With a 30-day readmission rate that has been consistently below national and statewide averages, once hitting as low as 3.9%, Grande Ronde Hospital and Clinics in northeastern Oregon has assembled various providers in the region to address health issues with patients that lead to healthier lives and less return trips to the hospital.
To understand how the hospital achieves low readmission rates is to know a little bit about the history of the area. Grande Ronde Hospital has been an independent hospital since it was founded in 1907. People who live there are not afraid to roll up their sleeves and help each other, according to Jeremy Davis, MHA, President and CEO of Grande Ronde Hospital.
“We realize here that we have to solve our own problems, which goes back well before my arrival three years ago,” he said.
The hospital’s efforts to reduce readmissions also is not new, but adding 39 new providers in the past three years has certainly helped. The additions give the hospital about 80 providers total, including four pediatricians. This offers patients a vast network of providers to address their health needs, including behavioral, which is becoming an increasingly critical area to address because of COVID-19 pandemic impacts.
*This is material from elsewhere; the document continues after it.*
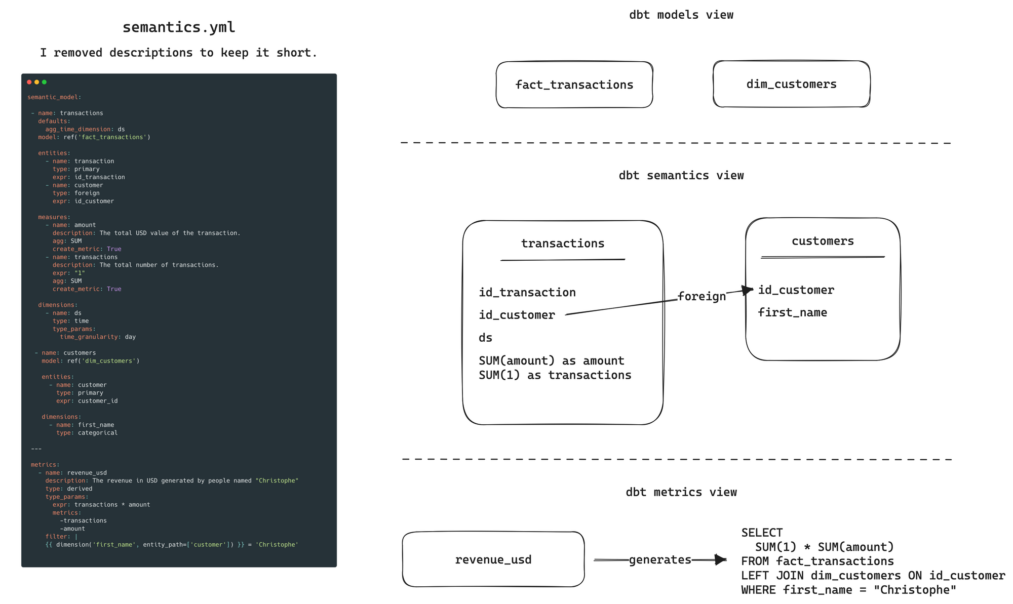 Just ahead I gave you an precise example of how the new nomenclature will behave for a simple case with a fact_transaction model. This is important to notice that the semantic layer is something that sits on top of you current dbt models definitions.
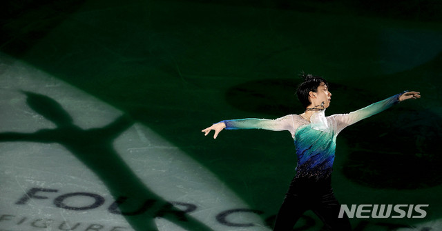 記念撮影する車俊煥×羽生×ブラウン=フィギュア四大陸選手権(11/19)

“I don’t think you can talk to any health care system CEO in the country who does not see behavioral health as a growing concern,” Davis said. “We are seeing an explosion of people who need behavioral health care, and the effects will linger post pandemic, which is why improving access to this type of care is important to us.”
Addressing behavioral health ties into the hospital’s existing focus on prevention. They have increased their behavioral health providers from five to 12 and are hoping to recruit more.
Grande Ronde Hospital predominately serves Union County, with its beautiful valleys and rugged mountains, while also participating in the Eastern Oregon Coordinated Care Organization which covers 12 rural and frontier counties with a land area that extends over 50,000 square miles of the state. Having local access to a network of primary and specialty providers allows patients to receive same-day treatment with a health issue that a doctor may discover during an annual wellness visit.
“We can treat patients while they are in front of us rather than asking them to make multiple visits,” Davis said.
The hospital’s focus on prevention to avoid readmissions has also been helped by their early adoption of telemedicine. Internet expansion and prevention programs that are accessible on smartphones have been an asset, and the onset of the COVID-19 pandemic increased people’s willingness to use technology for their health care.
Other important areas the hospital focused on to reduce readmissions include:
- Using an executive quality dashboard that leads to quicker quality improvement adjustments which helps staff improve care for patients.
- Transitioning from three separate electronic medical record (EMR) systems to a single EMR across the care continuum.
- A consistent hospitalist program.
- Implementing multidisciplinary rounds in their medical-surgical unit and intensive care unit.
Sustaining low readmission rates will continue to be a challenge especially with challenges presented by the COVID-19 pandemic. Grande Ronde Hospital plans to continue monitoring high utilizers to meet patients’ needs before a readmission occurs. They also continue to develop additional data dashboards and improve their inpatient case management program. Collaboration is also key, Davis said, with other rural health clinics in the region as well as participating in collaboratives like the Health Quality Innovation Network (HQIN) to discover new ways to improve care in their community.
“These are not cars on an assembly line,” Davis said. “These are people who come to us for help with different issues and tailoring our care to them is important. It is our role to remain curious and challenge ourselves to ask the ‘why.’”
About Grande Ronde Hospital:
Grande Ronde Hospital and Clinics is a state and nationally recognized and award-winning not-for-profit health system that includes a 25-bed Critical Access Hospital and 12 outpatient clinics. They are in Union County, Oregon, serving a base population of more than 25,000 residents, as well as providing services for the greater Eastern Oregon region.